Preface - Megan Squire (2015)

Megan Squire (2015)

Preface

"Pray, Mr. Babbage, if you put into the machine the wrong figures, will the right answer come out?"

--Charles Babbage (1864)

"Garbage in, garbage out"

--The United States Internal Revenue Service (1963)

"There are no clean datasets."

--Josh Sullivan, Booz Allen VP in Fortune (2015)

In his 1864 collection of essays, Charles Babbage, the inventor of the first calculating machine, recollects being dumbfounded at the "confusion of ideas" that would prompt someone to assume that a computer could calculate the correct answer despite being given the wrong input. Fast-forward another 100 years, and the tax bureaucracy started patiently explaining "garbage in, garbage out" to express the idea that even for the all-powerful tax collector, computer processing is still dependent on the quality of its input. Fast-forward another 50 years to 2015: a seemingly magical age of machine learning, autocorrect, anticipatory interfaces, and recommendation systems that know me better than I know myself. Yet, all of these helpful algorithms still require high-quality data in order to learn properly in the first place, and we lament "there are no clean datasets".
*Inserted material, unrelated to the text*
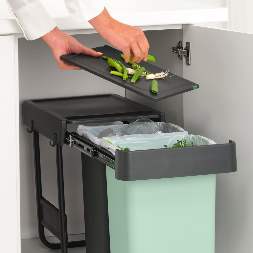 Cubo de basura integrado SORT & GO 2x 15 l, gris oscuro / verde jade, plástico, Brabantia

This book is for anyone who works with data on a regular basis, whether as a data scientist, data journalist, software developer, or something else. The goal is to teach practical strategies to quickly and easily bridge the gap between the data we want and the data we have. We want high-quality, perfect data, but the reality is that most often, our data falls far short. Whether we are plagued with missing data, data in the wrong format, data in the wrong location, or anomalies in the data, the result is often, to paraphrase rapper Notorious B.I.G., "more data, more problems".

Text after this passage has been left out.